Dataset records:
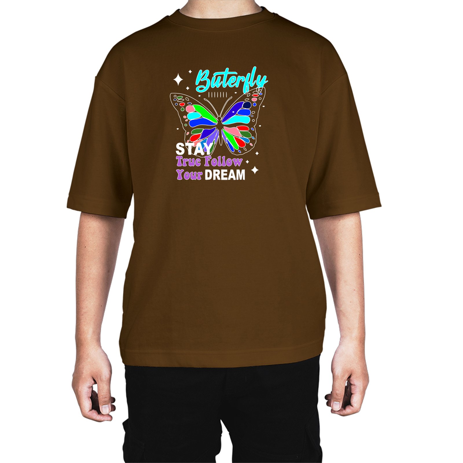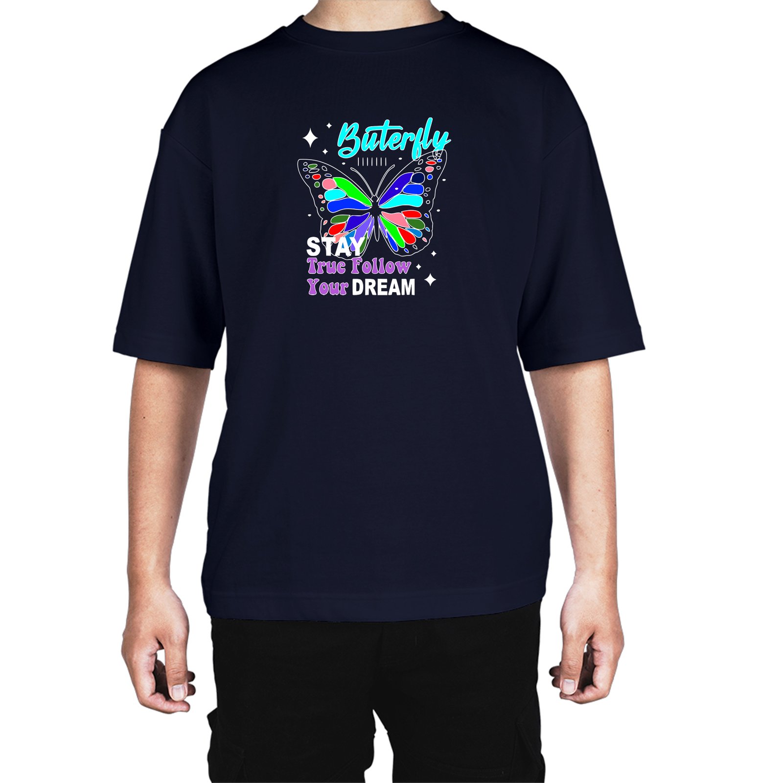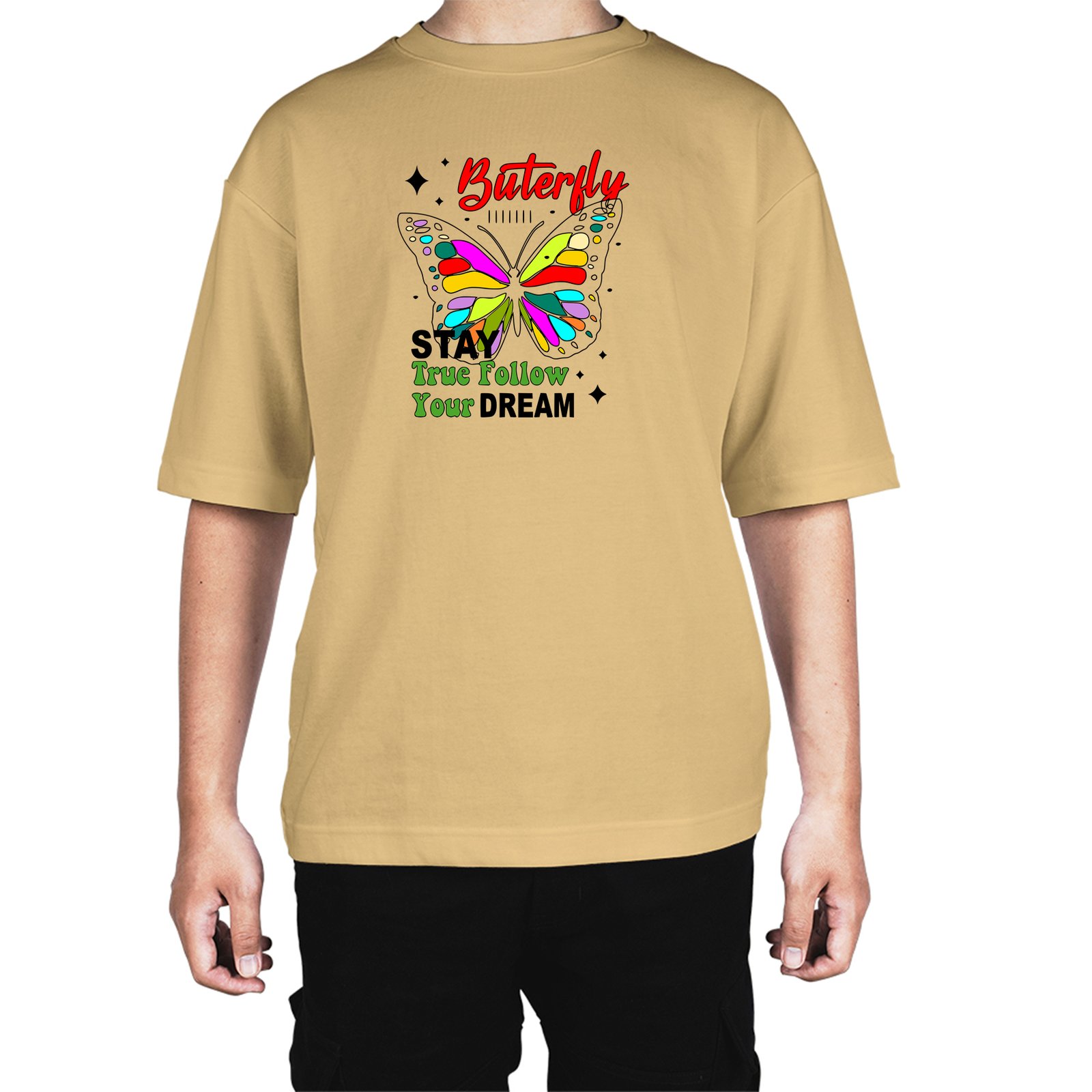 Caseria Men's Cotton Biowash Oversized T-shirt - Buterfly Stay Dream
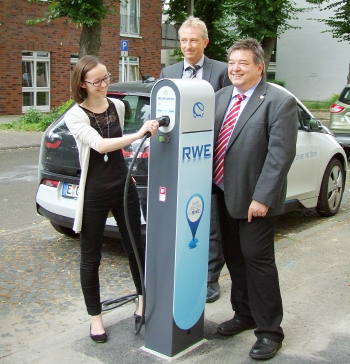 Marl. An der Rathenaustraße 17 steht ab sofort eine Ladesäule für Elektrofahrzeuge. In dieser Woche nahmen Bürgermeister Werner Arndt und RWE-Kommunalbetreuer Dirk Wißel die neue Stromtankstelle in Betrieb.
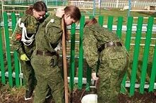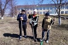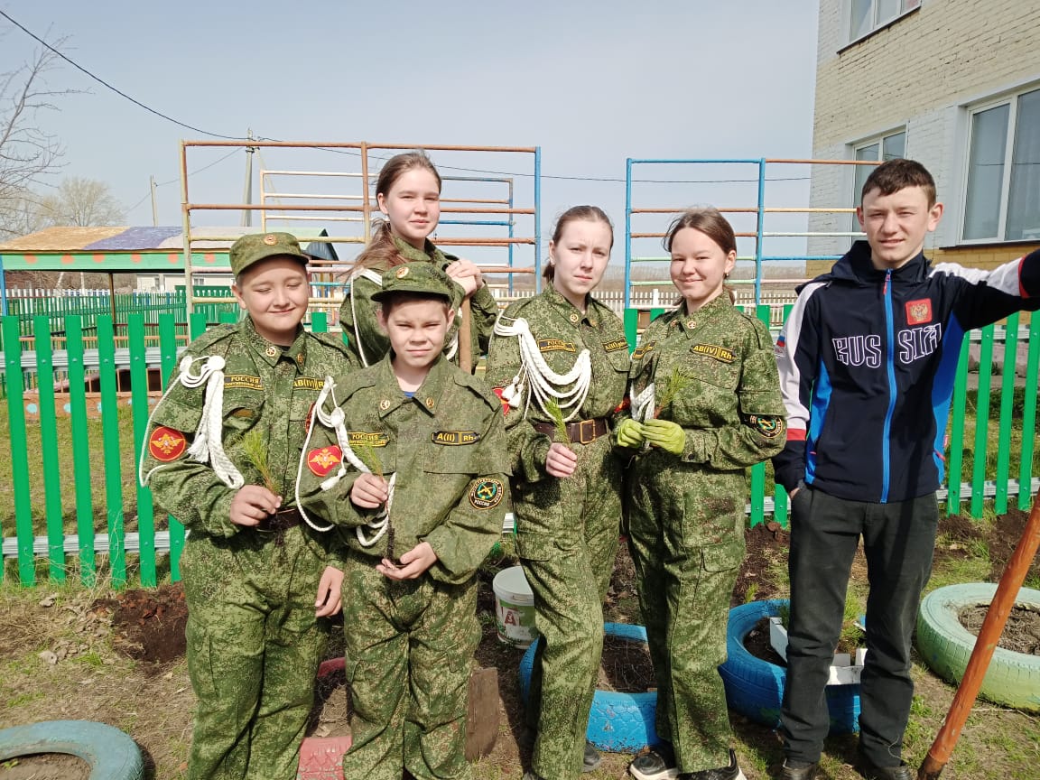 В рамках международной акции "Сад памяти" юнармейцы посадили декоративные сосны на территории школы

---

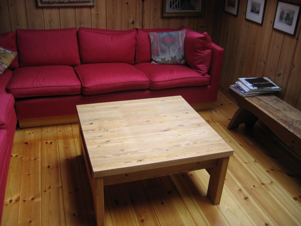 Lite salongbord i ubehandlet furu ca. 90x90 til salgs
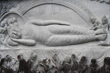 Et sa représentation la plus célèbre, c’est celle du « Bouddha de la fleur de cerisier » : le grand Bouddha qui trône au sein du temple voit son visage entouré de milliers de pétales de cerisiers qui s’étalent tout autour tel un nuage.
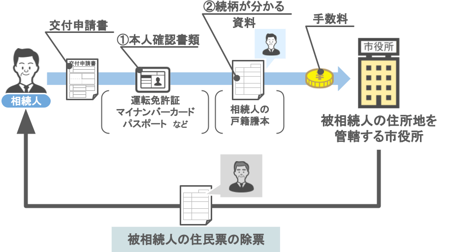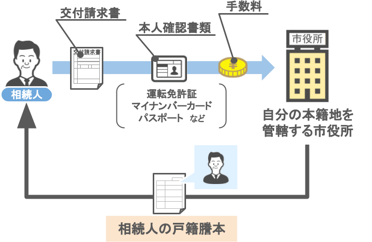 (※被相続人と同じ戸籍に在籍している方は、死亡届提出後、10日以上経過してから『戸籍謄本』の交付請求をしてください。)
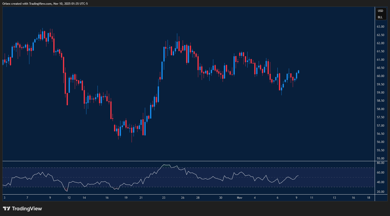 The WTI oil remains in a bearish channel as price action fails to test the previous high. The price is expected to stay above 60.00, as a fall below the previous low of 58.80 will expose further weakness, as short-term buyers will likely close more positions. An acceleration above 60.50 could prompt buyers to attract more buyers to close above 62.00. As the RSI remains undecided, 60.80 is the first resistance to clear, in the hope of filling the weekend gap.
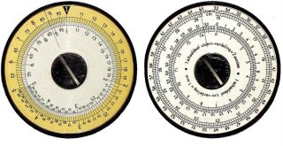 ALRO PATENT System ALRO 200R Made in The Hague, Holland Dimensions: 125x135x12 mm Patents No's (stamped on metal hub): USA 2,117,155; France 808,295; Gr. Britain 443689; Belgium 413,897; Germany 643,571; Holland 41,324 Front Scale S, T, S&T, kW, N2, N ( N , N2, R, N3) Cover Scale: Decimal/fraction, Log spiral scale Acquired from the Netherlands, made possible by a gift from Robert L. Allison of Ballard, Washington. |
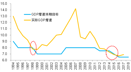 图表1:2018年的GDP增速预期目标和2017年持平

What you are asked to do:
The answer is those lines of the material above that run from the one containing "Caseria Men's Cotton" up to and including the one containing "Marl. An der", restated exactly and without images.

Exercise output:
 Caseria Men's Cotton Biowash Oversized T-shirt - Buterfly Stay Dream
 Marl. An der Rathenaustraße 17 steht ab sofort eine Ladesäule für Elektrofahrzeuge. In dieser Woche nahmen Bürgermeister Werner Arndt und RWE-Kommunalbetreuer Dirk Wißel die neue Stromtankstelle in Betrieb.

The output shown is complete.